> _PROBLEM DETAILS_: Look below for the line containing "Longchamp Tasche Le", then write out that line and every line after it to the end, exactly, minus the pictures.

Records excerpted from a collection
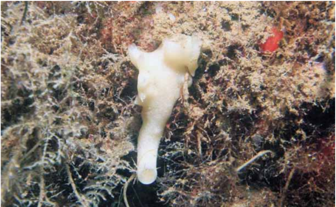
Fig. 3. Paraleucilla magna in the fouling benthic community in the harbour of Ploče in the eastern Adriatic Sea

In June 2011 only one specimen of P. magna
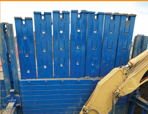
Sheeting guide system
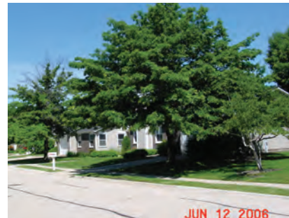
treated with Verdur
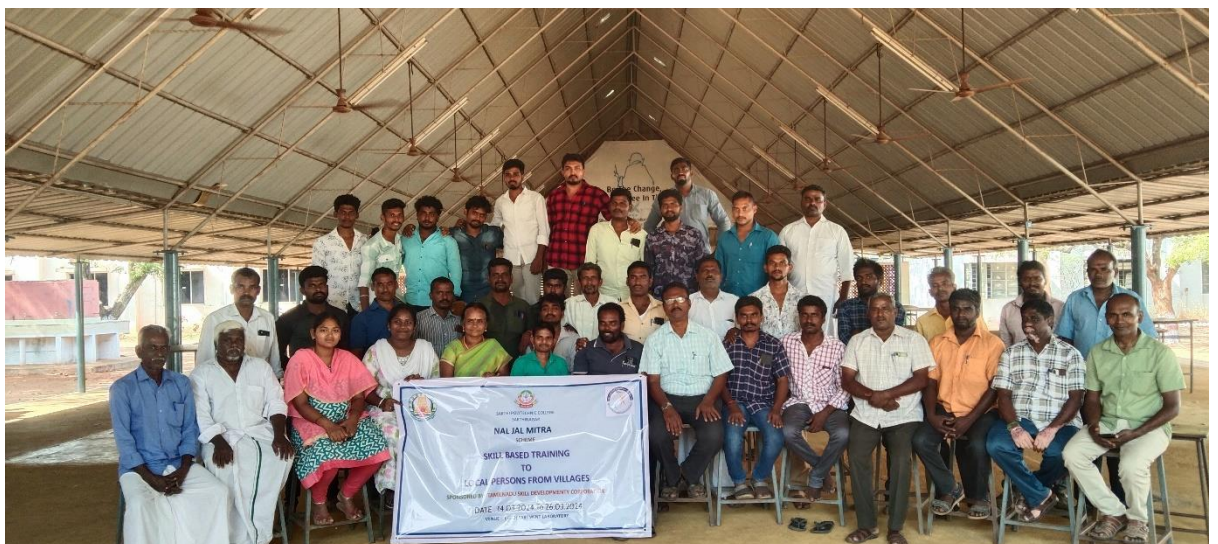
NAL JAL MITRA Group Photo on 26.3.2024
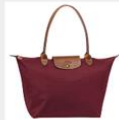
Longchamp Tasche Le Pliage Large Folding Tote Stiel Grape
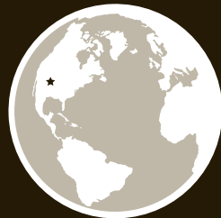
Exhibit & Sponsor Prospectus
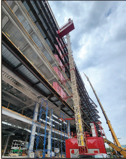
ESSEX COURT HOUSE - NEWARK, NJ

Model FC-7000 Dual 7,000# Hoists, 325' height installed. (Rental Remaining – (9) Months)
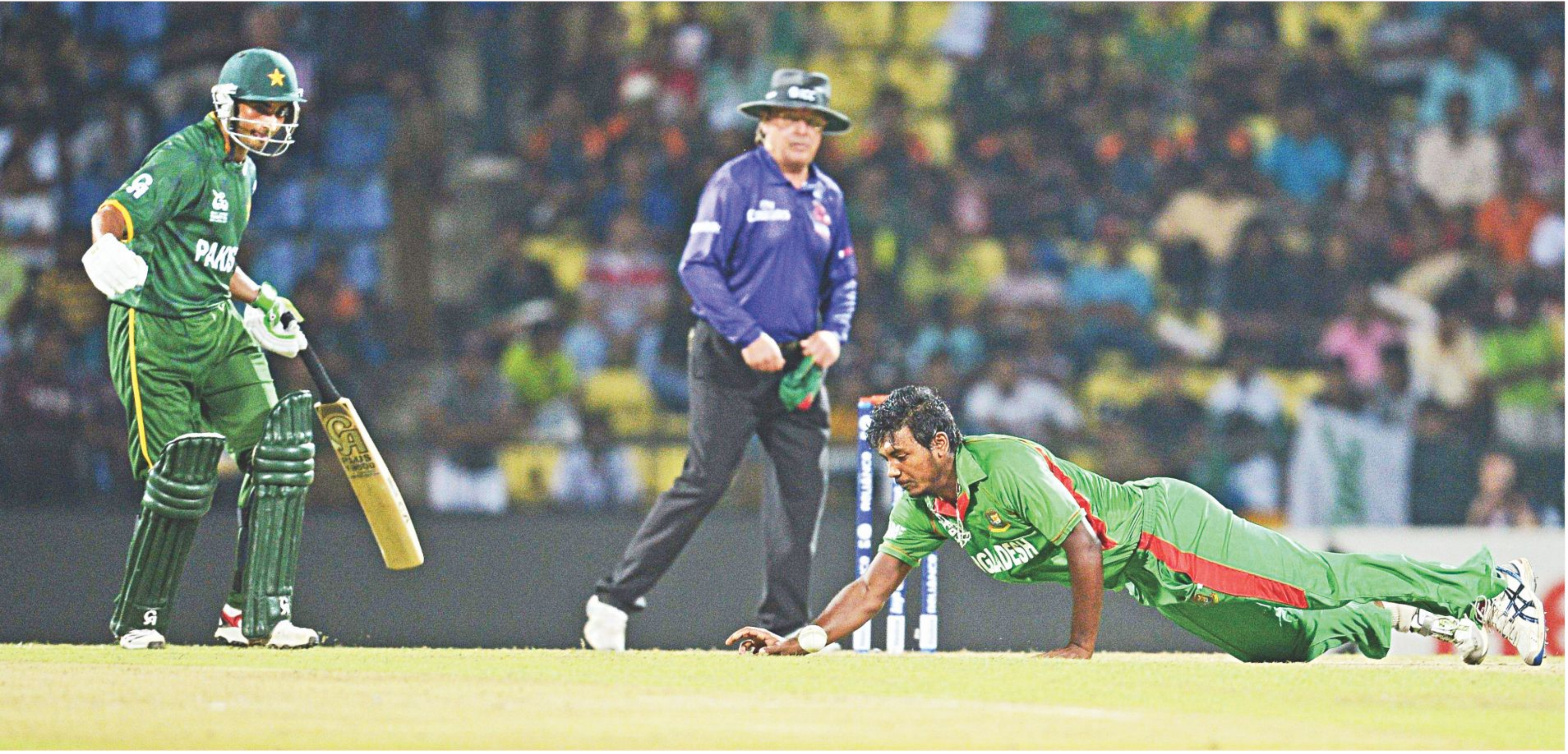
Young Bangladesh paceman Abul Hasan makes a desperate dive to stop the ball as Pakistan opener Imran Nazir looks on during their World Twenty20 match at the Pallekele International Cricket Stadium in Kandy yesterday. Nazir, who was dropped by Hasan while on one only, made the most of the gaffe with a blazing 72 off 36 balls as Pakistan coasted to an eight-wicket win.

> _RESPONSE TO THIS TASK_:
Longchamp Tasche Le Pliage Large Folding Tote Stiel Grape
Exhibit & Sponsor Prospectus
ESSEX COURT HOUSE - NEWARK, NJ

Model FC-7000 Dual 7,000# Hoists, 325' height installed. (Rental Remaining – (9) Months)
Young Bangladesh paceman Abul Hasan makes a desperate dive to stop the ball as Pakistan opener Imran Nazir looks on during their World Twenty20 match at the Pallekele International Cricket Stadium in Kandy yesterday. Nazir, who was dropped by Hasan while on one only, made the most of the gaffe with a blazing 72 off 36 balls as Pakistan coasted to an eight-wicket win.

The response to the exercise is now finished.